In brief, glass of diopside composition on platinum loop (about 3 mm in diameter) was suspended in quartz crucible above the melt of Na2Si2O5 under a platinum lid. The crucible was lowered into the tube furnace and held under desired temperature (1200-1315ºС) and oxygen fugacity (about IW buffer). During experiment (1-2 h) diopside glass was exchanged with small diopside crystals (5-20 µm) which then reacted with sodium vapor arising during sodium evaporation from Na2Si2O5 melt.

New phases were reveled in experimental products: wollastonite (pseudowollastonite) and glass. The wollastonite contains about 3 wt.% MgO, which is equivalent to Wo9Di1 (mol.). Essential isomorphic Ca exchange with Mg is known in CaSiO3 structure (e.g., Shinno, 1974).

The glass (up to5 µm) marks the boundaries of diopside crystals. It is heterogeneous in composition (maximum SiO2 content is 70 wt.% and Na2O content is 8 wt.%).

The mantle glass-containing xenoliths are well known with silica content in glass reaching 72 wt.% (e.g., Ishimara and Arai, 2009). The origin of such glasses is under discussion. Our experiments demonstrate the possibility of silicic melts to be obtained by incongruent melting of xenoliths crystal during its reaction with alkalis-containing fluids.
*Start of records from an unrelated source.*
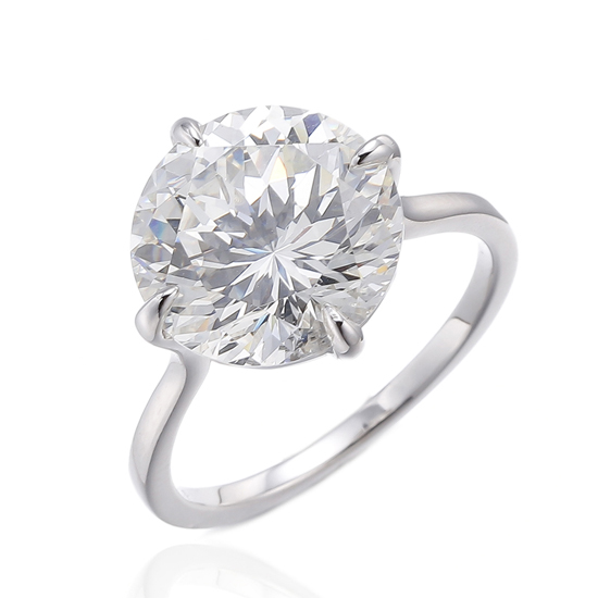 925 Round Shape Diamond G Cubic Zircon Rhodium Silver Ring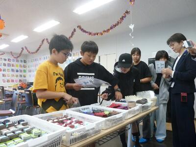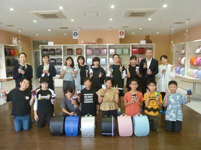 一通り作業工程を見せてもらった後、ランドセルの材料を使ってペン立て作りをしました。一人一人好きな色を選べました。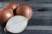 biała cebula na niebieskim tle połowa białej cebuli z bliska pod tekstem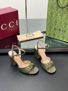GG Women Horsebit High Heel Sandal Open Toe Olive Sheepskin 149217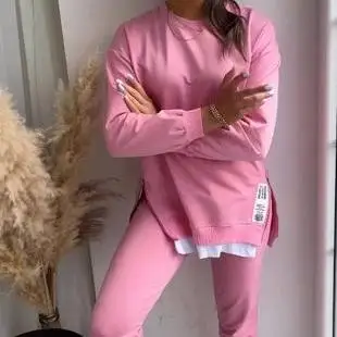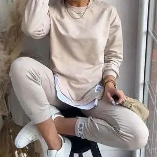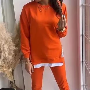European American Fall/Winter Women's Sports Pants Sweatshirt Set Independent Station's Double-Side Zipper Straight-Leg
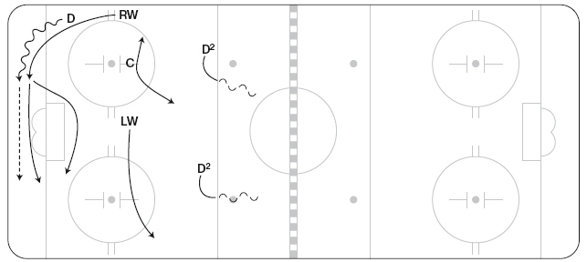 Начинается с прямого намерения выиграть вбрасывание, направив шайбу атакующему защитнику. Обороняющиеся игроки противостоят и/или пытаются заблокировать линию броска атакующему защитнику. Находящийся во внутренней части площадки правый нападающий заезжает в область над кругом у внешнего края длинного борта (рисунок 11.2). Центральный и левый нападающие резко устремляются к воротам. Цель атакующего защитника – отвести шайбу к центру площадки и сымитировать щелчок. Когда игроки обороны реагируют на этот финт, защитник передает пас вбок к находящемуся внутри зоны крайнему нападающему, который, в конце концов, осуществляет настоящий бросок по воротам через заслон.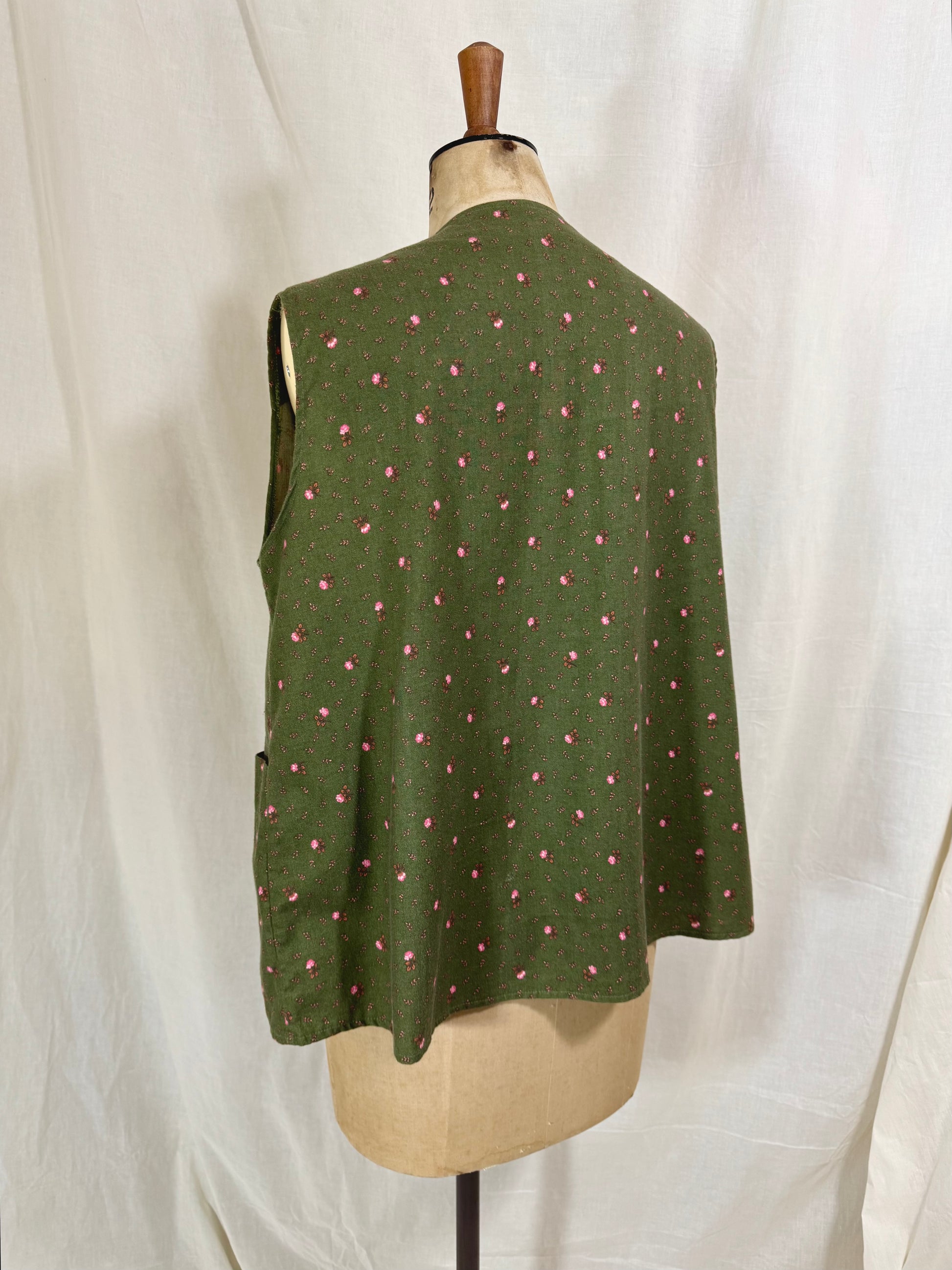 Made from the softest brushed cotton, printed in forest green with bright little pink rosebuds. Round neck, gathered shoulders, open front, huge front flat pockets reminiscent of the old Cornish smocks, perfect for creatives.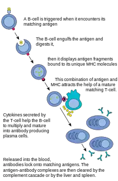وخلايا البلازما هي خلايا قصيرة الأجل (يومان-3 أيام) تفرز أجسامًا مضادةً. وترتبط هذه الأجسام المضادة بالمستضدات، بحيث تجعلها أهدافًا سهلة بالنسبة للخلايا الملتهمة، وتنشط تتابع مجموعات المكمل (تعاقب تنشيط البروتينات الموجهة لتدمير الخلايا الدخيلة).[2] وستظل نحو %10 من خلايا البلازما حية لتصبح خلايا ذاكرة بائية طويلة الأجل نوعية المستضدات.[2] ونظرًا لأن هذه الخلايا مبرمجة بالفعل على إنتاج أجسام مضادة نوعية، فإنه يمكن توجيه أوامر لها للاستجابة بشكل سريع، في حالة ما إذا أصاب نفس العامل الممرض الخلية المضيفة مجددًا، في حين أن الخلية المضيفة تظهر عليها أعراض بسيطة، إن وجدت.

Borisov A.A. Experimental Investigation of K and Na Partitioning between Miscible Liquids // Petrology. 2008. V. 16. P. 552-564.

Borisov A.A. Influence of SiO2 and Al2O3 on the Activity Coefficients of Alkalis in Melts: An Experimental Study // Petrology. 2009. V.17. P. 579-590.
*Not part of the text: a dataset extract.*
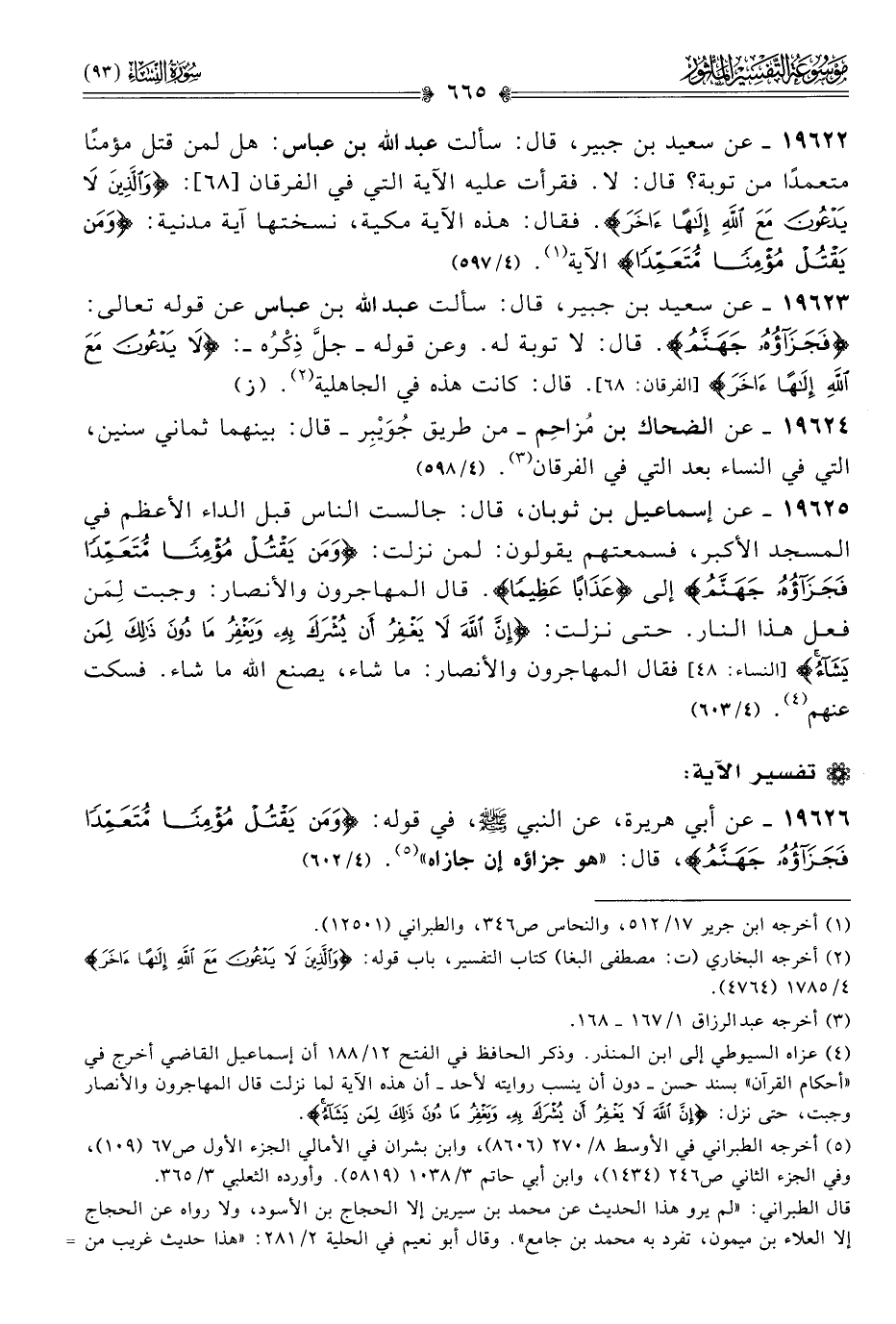 ١٩٦٢٢ - عن سعيد بن جبير، قال: سألت عبد الله بن عباس: هل لمن قتل مؤمنًا متعمدًا من توبة؟ قال: لا. فقرأت عليه الآية التي في الفرقان [٦٨]: {والذين لا يدعون مع الله إلها ءاخر}. فقال: هذه الآية مكية، نسختها آية مدنية: {ومن يقتل مؤمنا متعمدا} الآية (¬١). (٤/ ٥٩٧)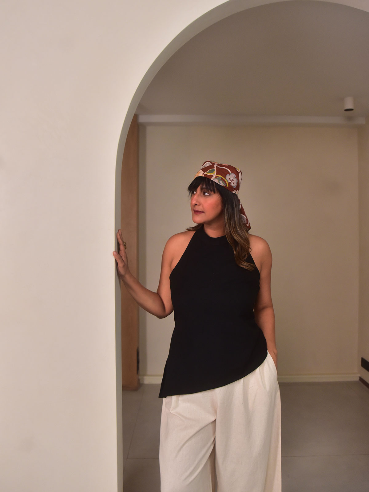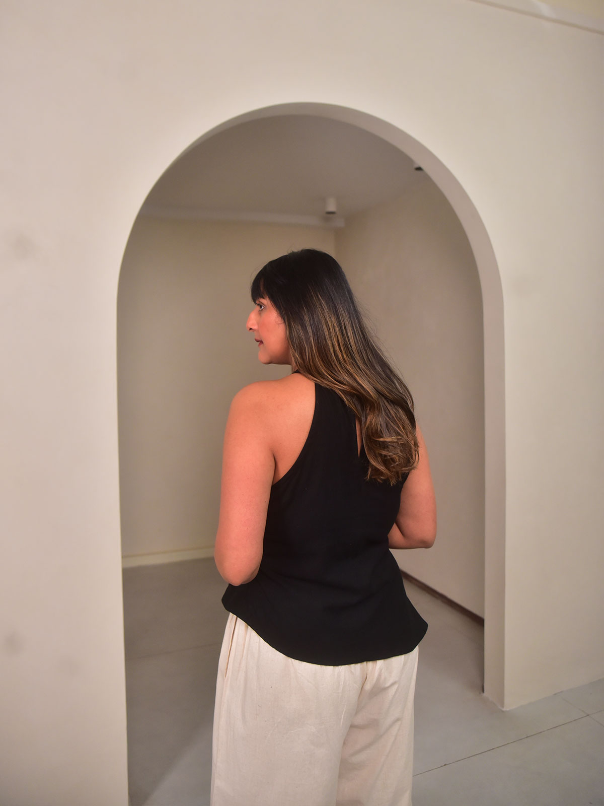 | This black dyed cotton linen halter top mirrors a sculpted, contemporary silhouette with a cinched waist and asymmetric hem. Finished with side zipper with hook-and-eye closure, it offers both structure and ease. Ideal for evening gatherings, celebrations, or elevated casual wear. Pair it with Amara pants and sleek heels for a timeless look. |

Borisov A., Lahaye Y. and Palme H. The effect of sodium on the solubilities of metals in silicate melts // American Mineralogist. 2006. V. 91. P. 762-771.

Borisov A., Pack A., Kropf A. and Palme H. Partitioning of Na between olivine and melt: An experimental study with application to the formation of meteoritic Na2O-rich chondrule glass and refractory forsterite grains // Geochimica et Cosmochimica Acta. 2008. V. 72. P. 5558-5573.

Ishimaru S. and Arai S. Highly silicic glasses in peridotite xenoliths from Avacha volcano, Kamchatka arc; implications for melting and metasomatism within the sub-arc mantle // Lithos. 2009. V. 107. P. 93-106.

Shinno I. Unit cell dimensions and infra-red absorption spectra of Mg-wollastonite in the system CaSiO3-CaMgSi2O6 // Mineralogical Journal. 1974. V. 7. P. 456-471.